Mu’allimin, Sedayu - Yogyakarta menangis cukup lama dari biasanya. Jum’at pagi yang biasanya diisi dengan kegiatan bermalas-malasan dan kegiatan mandiri tidak terlihat bayangnya. Secara lumayan mendadak, tiba-tiba ada pengumuman kegiatan Manasik Haji yang wajib diikuti. Perasaan malas menghantui sebagian besar santri kelas 5 MIA. Sebagian dari kami terpaksa mengesampingkan agenda yang sudah dijadwalkan di hari Jum’at.
Jum’at pagi-pagi, saat hujan gerimis menangisi Kota Jogja, kegiatan tidur adalah kegiatan yang paling pas untuk dilakukan. Tapi, sebelum jam 06.00 WIB, dengan menembus hujan dan licinnya jalan Jogja, kami menuju Madrasah ditemani hujan. Sambil menunggu acara yang molor selama 45 menit, kami berangkat menuju Kampus Terpadu Sedayu menaiki bus.

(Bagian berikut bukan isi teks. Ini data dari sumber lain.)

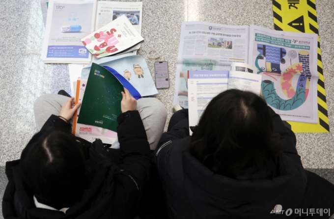 [서울=뉴시스] 홍효식 기자 = 18일 서울 강남구 코엑스에서 열린 2026학년도 정시 대학입학정보박람회를 찾은 입시생들이 자료를 살펴보고 있다. 2025.12.18. yesphoto@newsis.com /사진=홍효식 |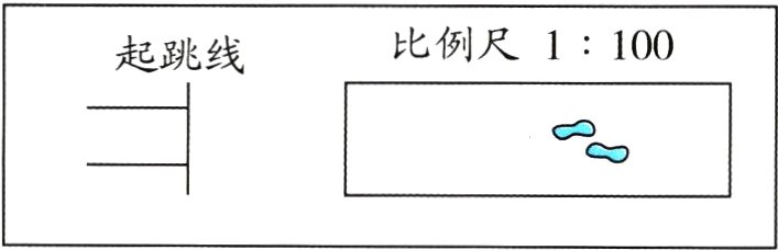 1. 如图是李楠跳远时的示意图。量一量,算一算,李楠的跳远成绩是多少米?(落地后离起跳线最近的距离即为跳远距离)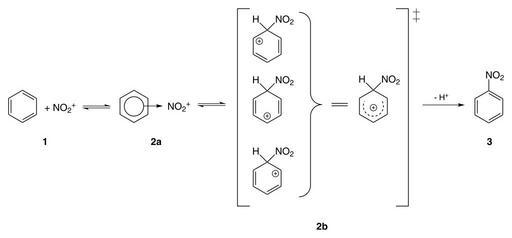Keywords: Nitration benzene.svg Nitration of benzene en Nitrierung von Benzol de own 2008-04-15 Yikrazuul 400px Aromatics Benzene Electrophilic aromatic substitution reactions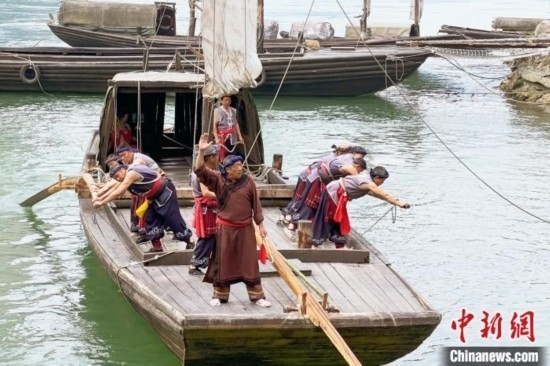 峽江號(hào)子表演。郭曉瑩 攝

Agaknya Tuhan menghendaki agenda mulia kami. Sesampainya di Kampus Terpadu Sedayu, hujan mereda berganti menjadi mendung. Di sana, kami berbaris di Masjid Hajjah Yuliana dengan melihat miniatur kakbah berada di belakang kami. Selayaknya Manasik Haji pada umumnya, kami mengenakan kain ihram seperti jamaah haji asli. Dengan keterbatasan yang ada, hanya beberapa dari kami yang mengenakan setelan lengkap kain ihram, sisanya hanya mengenakan atasannya saja. Walau begitu, kami dapat memakluminya.
Ada alasan mengapa Kampus Sedayu dijadikan tempat Manasik Haji. Menurut Ustaz Misbah, alasannya adalah tempat yang sering dijadikan tujuan yaitu Pantai Samas, Madrasah tidak bisa mengirim santrinya kesana. Mungkin ada keterlambatan atau miskomunikasi yang terjadi. Walaupun begitu, jalan tengah yang diambil ialah dengan menjadikan Kampus Terpadu sebagai alternatif pengganti. Madrasah pun menyiapkan miniatur kakbah di dalam masjid dan beberapa plang yang bertuliskan tempat-tempat rukun haji.
Dimulali dari memakai kain ihram, kami dipandu untuk menjalani rukun pertama haji, yaitu miqat di Bir Ali. Selanjutnya, berbekal kertas hafalan doa-doa haji, seperti haji tamattu sungguhan, yaitu dengan menjalani umroh terlebih dahulu. Lalu dilanjut seperti rangkaian haji biasa, tawaf ifadah, sa’i, wukuf, mabit di Muzdalifah, melempar jumrah, dan tawaf wada.
Tak terasa cepatnya, hanya sekitar 2 jam kami berkegiatan. Dengan perasaan gembira, kami bisa pulang ke asrama dan menjalani aktivitas seperti biasanya. Tapi sebelum kami meninggalkan Kampus Terpadu, Ustaz Misbah memberikan beberapa pesan kepada kami. Ustaz Misbah sangat menghargai ketersediaan kami untuk bisa mengikuti Manasik Haji. Menurutnya, Manasik Haji merupakan kegiatan yang wajib diikuti oleh kader tingkat 5. “Tidak apa-apa jika ada yang kurang memperhatikan, yang penting ikut dulu. Dengan ikut nanti bisa memahami bagaimana rangkaian haji yang sebenarnya.” Tutur Ustaz Misbah. Sebagai penutup, Ustaz Misbah berpesan kepada kami untuk selalu fastabiqul khairat dalam menggapai cinta Allah.